Flaming plane? Incandescent visitor from the asteroid belt? The brilliant and s-l-o-w fireball that seared the sky over southeastern Australia tonight was probably one of the most spectacular displays of re-entering space junk witnessed in recent years.
Ted Molzcan, citizen satellite tracker and frequent contributor to the amateur satellite watchers SeeSat-L site, notes that the timing and appearance almost certainly point to the decay or de-orbiting of the Russian Soyuz 2-1B rocket booster that launched the meteorological satellite Meteor M2 on July 8.
Meteor over New South Wales. Look closely near the end and you’ll see it disintegrate into small pieces.
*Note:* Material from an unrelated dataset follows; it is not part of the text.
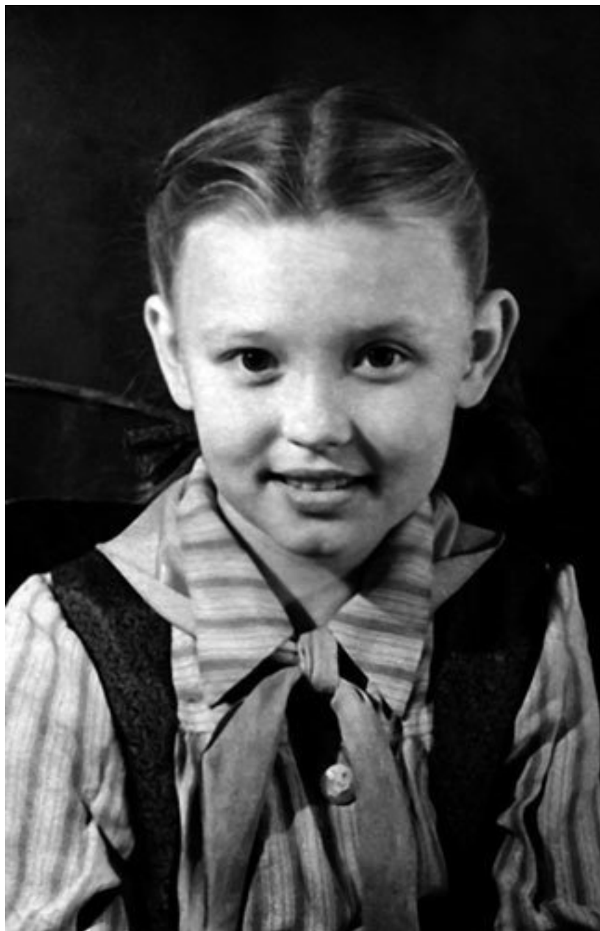
Вера Алентова в детстве.

«Мы росли, как трава во дворе. Моя мама была актрисой, но все свободное время подрабатывала в пошивочном цехе. Мой отец умер рано, когда мне было четыре года, и мама растила меня одна. Сегодня я понимаю, что мы – сами того не желая – нанесли урон вашему поколению. Мы, дети военного времени, росли в жутких условиях...»

The magnificent man-made meteor, weighing some 4,400 pounds (2,000 kg), was seen from Melbourne to Sydney across the states of Victoria and New South Wales around 10 p.m. Hundreds of people were stopped in their tracks. Most noticed how slowly the fireball traveled and how long it continue to burn on the way down.
Spacecraft that reenter from either orbital decay or controlled entry usually break up at altitudes between 45-52 miles (84-72 km) traveling around 17,500 mph (28,000 km/hour) . Compression and friction from the ever-thickening air cause the craft, or in this case, the rocket booster, to slow down and heat up to flaming incandescence just like a hunk of space rock arriving from the asteroid belt. In both cases, we see a brilliant meteor, however manmade debris.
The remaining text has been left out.